Am Montag, den 14. September machte sich der Chemiekurs der 11.Klasse auf den Weg zur "Expedition Zukunft" in Wuppertal (http://www.expedition-zukunft.org/). Der "Zukunftszug" besteht aus 12 Waggons mit Themen wie "Ursprung des Lebens", "Die Zukunft des Menschen", "Klimawandel", "Überbevölkerung der Erde", sowie "Vernetzung und Globalisierung".
Die Schüler wurden währen der organisierten Führung von einem Fern-sehteam des WDR begleitet. Einzelne Schüler wurden interviewt und beim Ausprobieren kleiner Experimente gefilmt. Leider konnten wegen der knappen Zeiteinteilung nicht alle Waggons genauer angeschaut werden.
Im Waggon "Ursprung des Lebens" wurden z.B. zwei Theorien vorgestellt. Die erste Theorie besagt, dass das Leben in heißen Quellen selbst ent-standen ist.

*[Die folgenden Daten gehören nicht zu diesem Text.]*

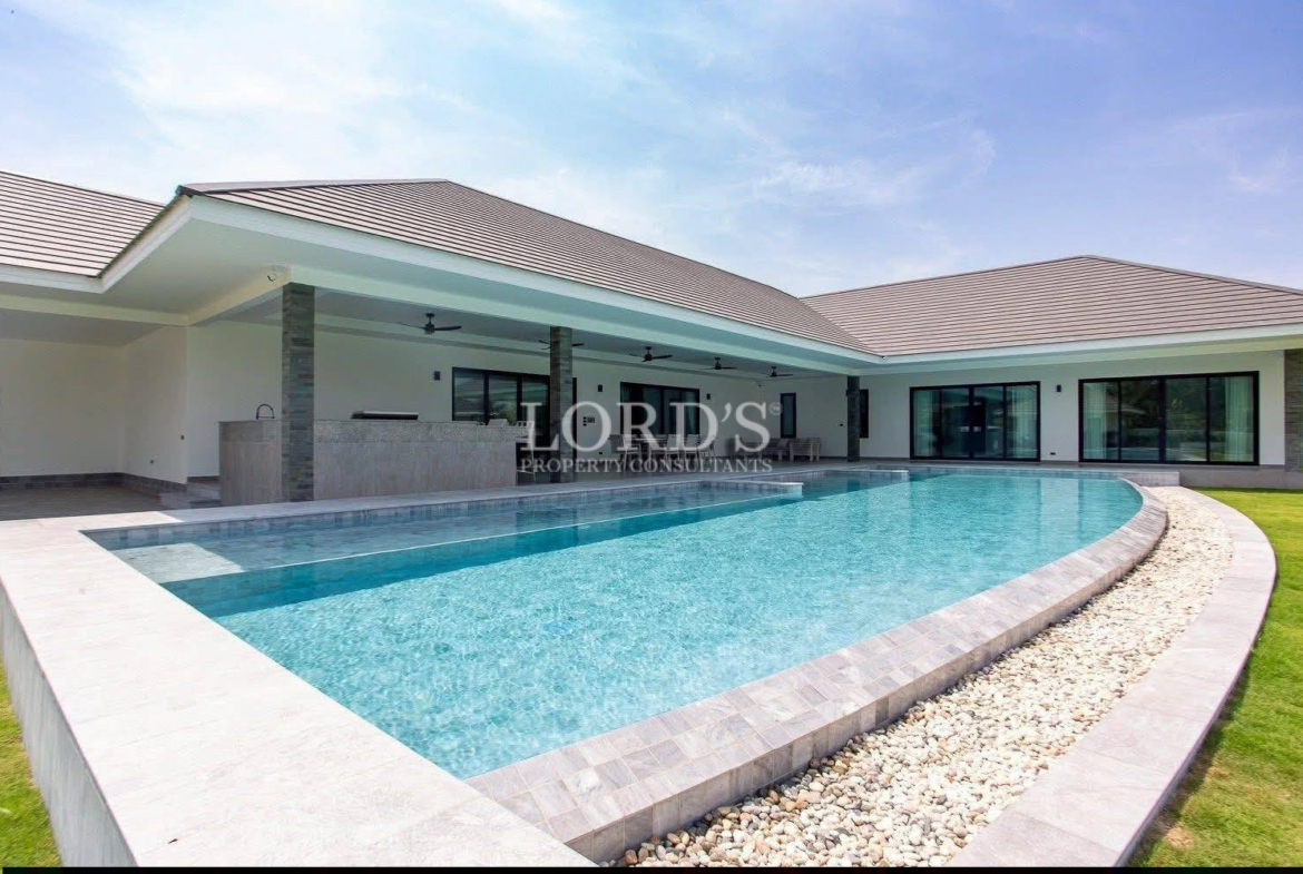 Located in the Hin Lek Fai district of Hua Hin, a newly completed 5 bedroom luxury pool villa is available for purchase. Positioned adjacent to the Black Mountain Golf Course and Hua Hin International School, the fully furnished residence provides a turnkey solution for families and investors seeking premium real estate.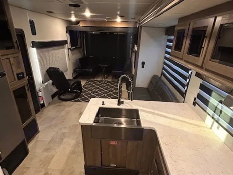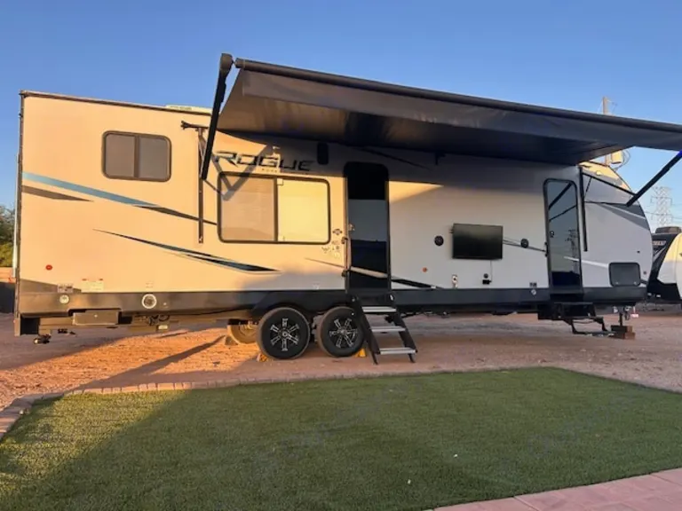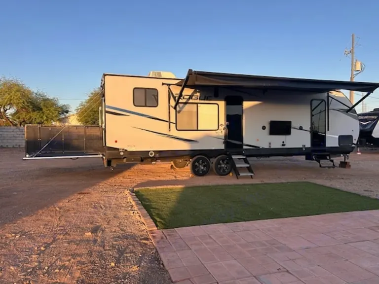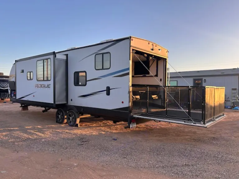 Looking for a toy hauler that’s as adventure-ready as you are? Our 2022 Forest River Vengeance Rogue 29KS delivers the perfect mix of rugged hauling power and residential comfort — ideal for dunes trips, off-grid camping, festivals, or family getaways.This trailer features a massive 15'6" garage that fits virtually any SXS, quad, or dirt bike combo. When unloaded, the garage converts into a flexible lounge or sleeping area with drop-down beds and a sofa bed, comfortably sleeping up to 8 guests.Up front, you'll find a spacious private king bedroom, giving you a quiet, comfortable place to recharge after a day outdoors. The fully equipped kitchen includes a large refrigerator, microwave, cooktop, and sink — perfect for cooking real meals on the road.Two A/C units and 50-amp power keep the whole trailer cool in the Arizona heat, while the onboard generator and oversized tanks make off-grid camping easy. The rear patio with railing adds a great outdoor living space to enjoy sunsets, hang out, or keep the pets contained.We’ve made renting easy — our prep fee includes everything you need: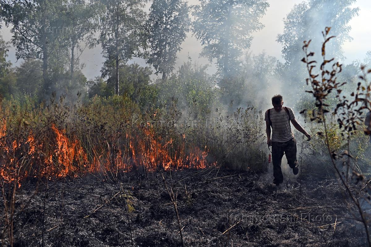 Лесные пожары в Омской области. Специально обученная бригада работников лесхоза поселка Большие Уки…
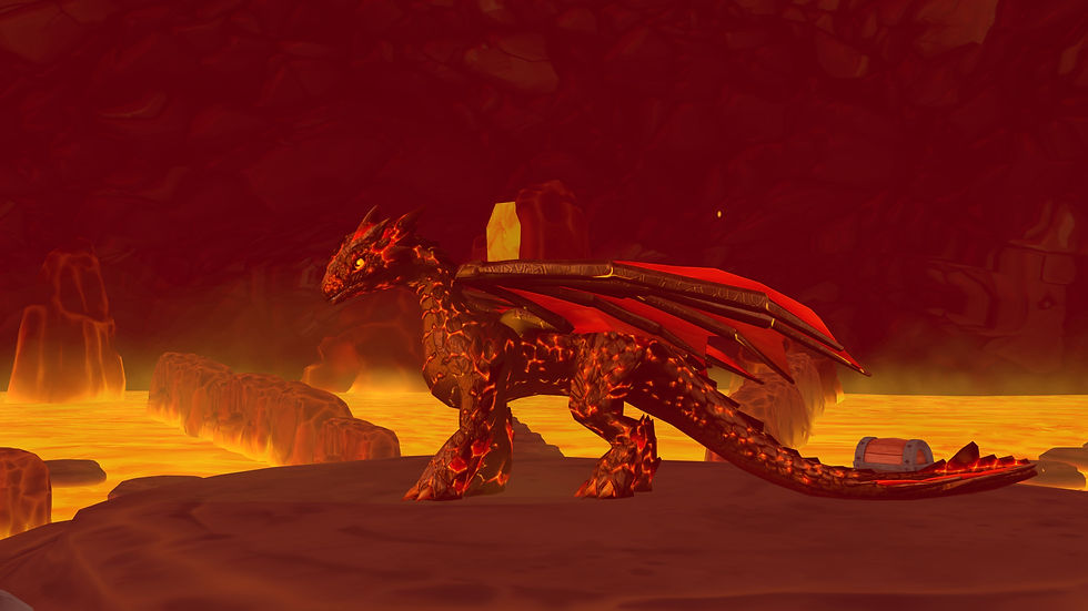 The event is presented as a progression across floating lava stones toward a central Treasure Island, with real-time updates showing how many contenders remain after each round. A failed level ends a player’s run immediately, with the event framing the elimination as the dragon removing the fallen challenger. Players who survive all seven levels reach the treasure together and activate a shared lever, triggering a finale where a golden cage drops onto the dragon and the reward is distributed equally among the remaining players.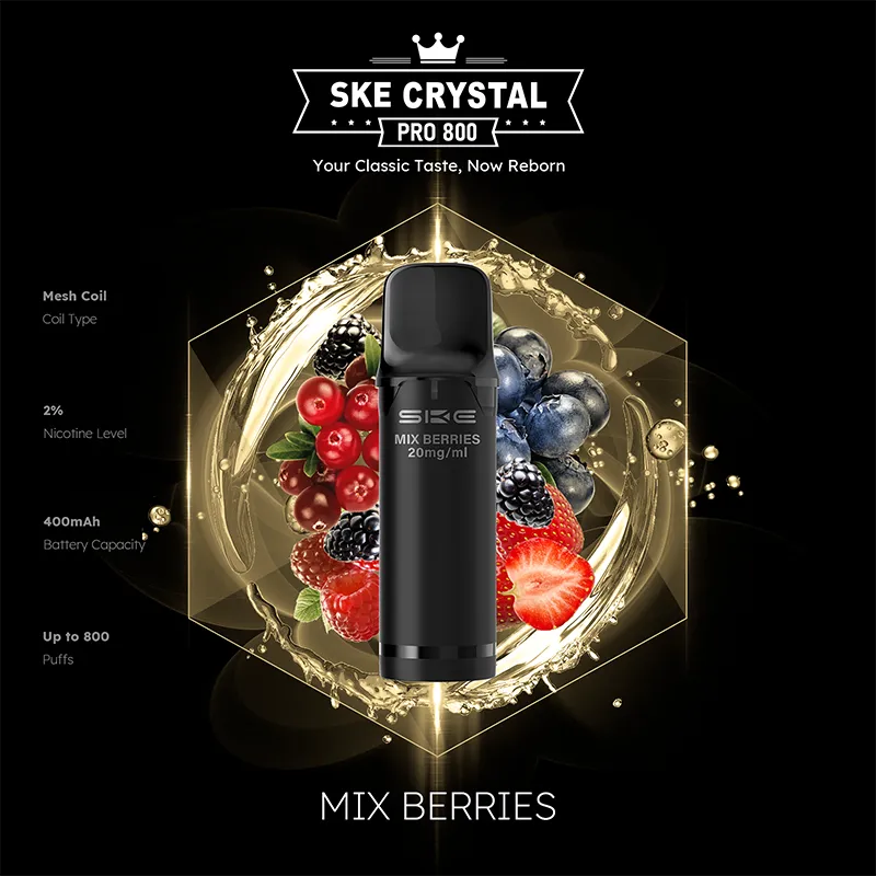 Mit Mix Berries bringt SKE einen harmonischen Beerenmix, der Erdbeeren, Blaubeeren und Himbeeren zu einem ausgewogenen, fruchtigen Aroma kombiniert.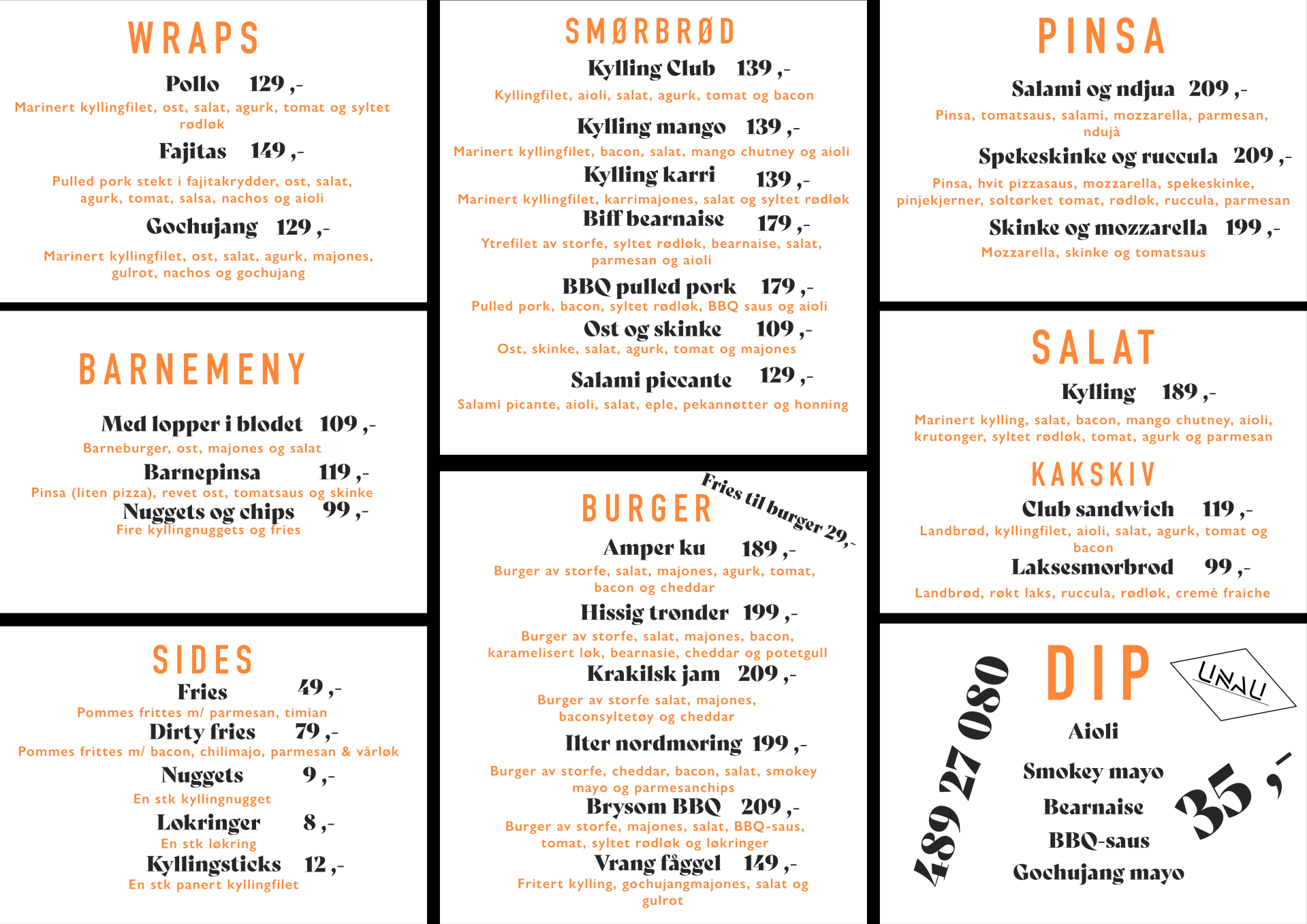 Dette er våre menyer, som inneholder alt fra ferske baguetter, smaksrike salater, lokalproduserte smashburgere, spennde wraps og kaffe fra hele verdens kriker og kroker.

Durch das Ursuppen-Experiment wurde schon bewiesen, dass Amino- und Fettsäuren - die Vorstufe des Lebens - gebildet werden können.
In der zweiten Theorie wird behauptet, dass ein Komet auf der Erde eingeschlagen ist und so das Leben auf die Erde gebracht hat.
In dem Wagen über natürliche und künstliche Intelligenz wurde ein Roboter Namens "Paul" vorgestellt. Paul kann Fußball spielen, aber er ist noch nicht so weit, dass er gegen Menschen eine Chance hätte. Dies soll sich bis 2050 ändern. Bis dahin soll Paul so weit entwickelt sein, dass er strategisch spielt und gegen Menschen gewinnen kann.
Im Wagen der Vernetzung und Globalisierung wird der enorme Fortschritt der Kommunikation gezeigt. Vor 20 Jahren wurden pro Kabel 89 Anrufe übertragen, heute hingegen sind es pro Kabel 1 Million Anrufe. Das Inter-net ist sehr schnell. An einer Weltkugel wird gezeigt, welchen Weg die Signale über verschiedene Server zurücklegen. Trotzdem baut sich die Internetseite innerhalb von weniger als einer Sekunde auf. Beim Abruf einer australischen Website nehmen die Informationen z.B. einen Weg vom Start in Australien über Hong Kong, die USA und Großbritannien nach Deutschland.
Im Bereich der Medizin stand eine Wärmebildkamera. Diese empfängt Infrarotstrahlen und macht die unsichtbare Wärmestrahlung eines Objektes oder Körpers sichtbar. Sie wird im Militärbereich, in der Bauthermografie oder auch an Flughäfen eingesetzt. Dort wird sie zurzeit als Vorsorge eingesetzt, denn sie erkennt ggf. Menschen, die sich mit der Schweinegrippe infiziert haben. Besonders in diesem Wagen wurde deutlich, dass nicht nur Aufgaben der Zukunftsforschung präsentiert, sondern auch aktuelle Themen behandelt wurden.
Im nächsten Themenbereich wurde die Überbevölkerung der Erde im Modell dargestellt. Es zeigt, dass pro Sekunde 3 Menschen zur Welt-bevölkerung hinzukommen. Wenn die Bevölkerung weiter so stark anwächst, wird es 2050 etwa 12. Mrd. Menschen geben. Es gibt jedoch zu wenig Anbaufläche, um so viele Menschen zu ernähren. Forscher ent-wickelten dazu einen ersten Lösungsansatz: Sie wollen die Anbaufläche durch "vertical farms" vergrößern. Dies sind praktisch Hochhäuser mit Feldern, in denen übereinander angebaut wird.
Auch der Klimawandel ist immer wieder ein aktuelles Thema. In diesem Themenwaggon wurden alternative Formen der Energiegewinnung gezeigt wie z.B. Windenergie oder Sonnenenergie. Die Solarzellen haben aber nur einen Wirkungsgrad von 10-20 Prozent; dieser soll nun verbessert werden. Als weitere Möglichkeit wurde die Verbrennung von "Methan-Eis" vorgestellt. Dieses "Eis" (Methanhydrat) befindet sich auf dem Meeresgrund. Derzeit ist es aber noch nicht möglich, die großen Vorkommen in Mengen abzubauen.
Für viele der Schüler war dieser Ausflug nicht nur ein Einblick in die Zukunft, sondern hat das Interesse an allgemeinen Themen unserer Zeit geweckt bzw. verstärkt.